Kurt Vonnegut was no theologian, but he was onto something here because humor tends to highlight the distinctions between opposites. Between logic and the absurd, beauty and ugliness, good and evil. And John’s gospel loves opposites. Just look at what he’s put into this little passage.

You’ve got the remarkable smell of this perfume versus the stench of death (both from her now resurrected brother Lazarus and in anticipation of Jesus’ death). You’ve got the extravagance of the perfume – if you judged by today’s minimum wage, it would cost somewhere in the neighborhood of $12,000 – versus both the poor and Judas’ stinginess. You’ve got Mary’s disturbingly intimate but true expression of love versus Judas’ seemingly appropriate but false love.

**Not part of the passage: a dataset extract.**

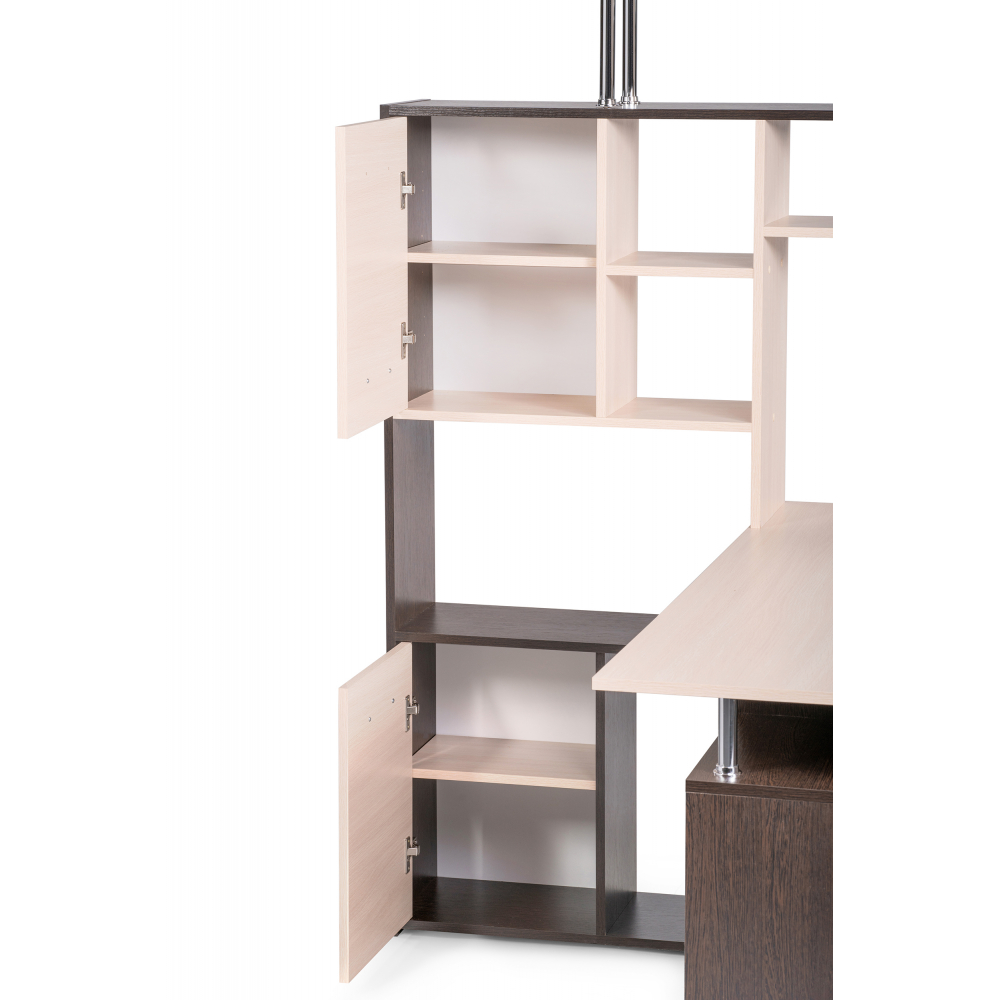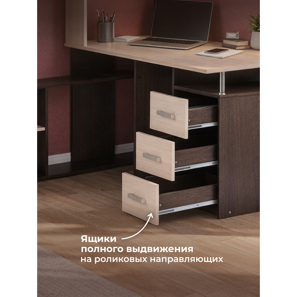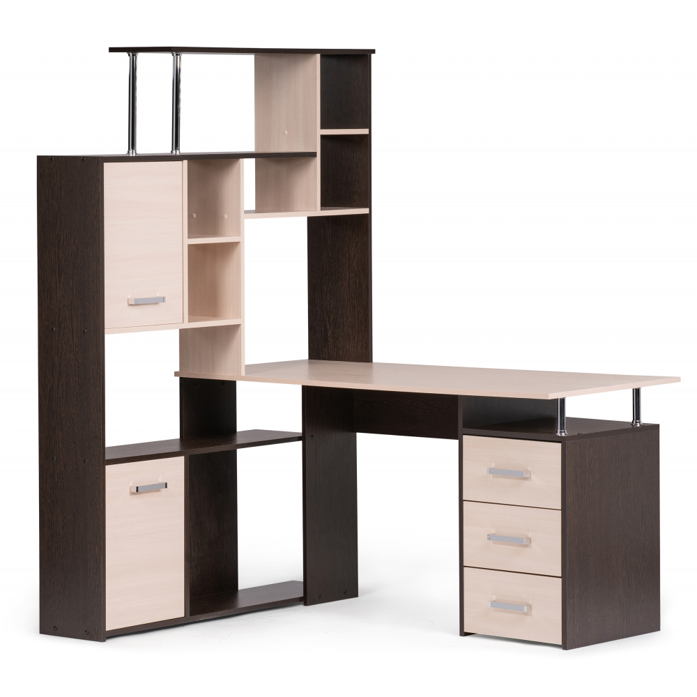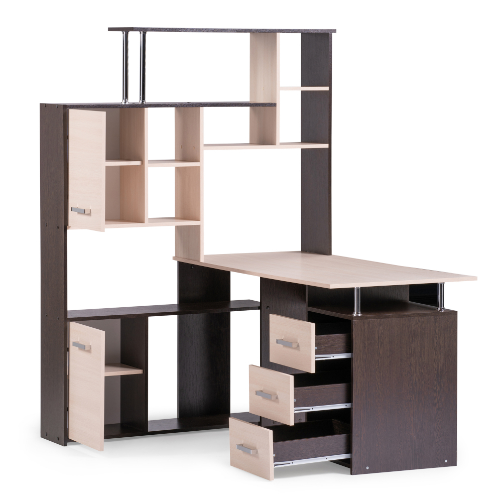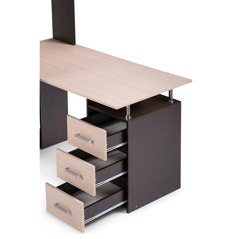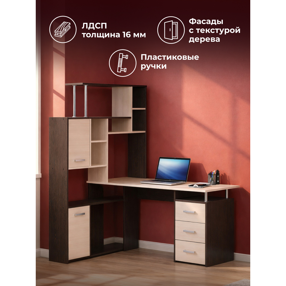 Стол КС-15 венге / дуб молочный левый; ЛДСП. Высота столешницы 75см. Рабочее место - 142х62см. Толщина ЛДСП - 16мм. Имеется 3 выкатных ящика на роликовых направляющих, 4 закрытых дверьми полки. Огромная вместительность для учёбы
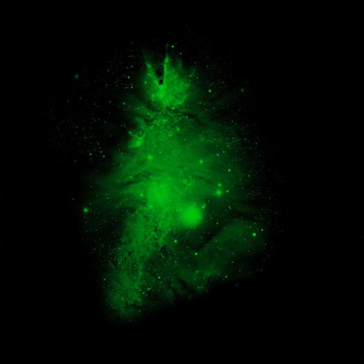 Datos ópticos del telescopio WIYN de 0.9 metros de la Fundación Nacional de Ciencia en Kitt Peak muestran gas en la nebulosa en verde, correspondiendo a las “agujas de pino” del árbol, y datos infrarrojos muestran estrellas de primer plano y de fondo en blanco.

John loves those opposites because in the end, he’s going to lead us to a bigger one: an instrument of hate and death will become a sign of love and eternal life.

But I get ahead of myself.

This is happening shortly after Lazarus is raised from the dead and before Jesus makes his final entry into Jerusalem. He’s maybe a week from being crucified. And in this quiet house, Jesus finds rest before the agony.

It is apparently a rather lavish meal – Passover hasn’t started yet, so there’s no austerity in their meals, and you can imagine Mary, Martha and Lazarus might want to put on a nice spread, given what Lazarus has just experience. By the way, Judas does not seem to be complaining about the food.

But then Mary does something unusual and unseemly. She breaks the jar of perfume over Jesus’ feet and anoints his feet with it before drying his feet with her hair. Talk about engaging the senses! The aroma had to fill the house. The sight of her kneeling there had to evoke emotions. The soft touch of her hair against Jesus feet – how did that feel to him? This is extravagance in every sense, and I can imagine everyone there felt uncomfortable.

Which probably encouraged Judas with his pious outrage. After all, righteous indignation is easy, and it has the side benefit of riling up the crowd. There’s nothing like righteous anger to get people going – and that makes the agitators feel very powerful.

So he says, “How dare she do that?” Perhaps he felt uncomfortable mentioning the intimacy of her act, so he focuses on the only thing he can grasp (or think about?), the money. Either way, he intends to sound righteous and ends up sounding – to us at least – like a jerk. Even if John didn’t go overboard by saying he was really a thief, we would get it. Judas appears as someone who knows the right words but not the heart.

Even if he is being honest, he still mistakes discipline with discipleship. Because Jesus makes it clear that following him does not mean we stop being human. We have senses to use, to enjoy.

More importantly, when something big, something life-changing happens, we employ our extravagance to honor the moment. Could you imagine someone stopping a wedding and saying, “We could have spent this money on the poor!” Yes, there are lots of wedding jokes out there, but the point is, it’s a moment that celebrates life-changing love. So, it’s okay to go a bit overboard.

And if a wedding is an expression of love to celebrate, how much more is Jesus’ love for us, a love that will be put to the biggest test, a love that we are on the verge of seeing at its most powerful. This moment deserves lavish attention.

Besides, if we put ourselves in Judas’ place, we would realize that we probably spend lots of money on ourselves without anything monumental to recognize – just because we want something. A fancy new car, new phones with all the services and apps, a bigger house than necessary, dinner and a show. Not to make anyone feel guilty about it, just to help us see that we spend a lot without a big occasion, so why not let Mary do for Jesus such a beautiful thing?

After all, spending that money on the poor would not have stopped poverty. But it did signal this most crucial moment in humanity where life overcame death – and did so with the cruelest instrument of death.

John loves to contrast those opposites – which makes Jesus’ defense of Mary very serious, but also a pretty good joke. Amen.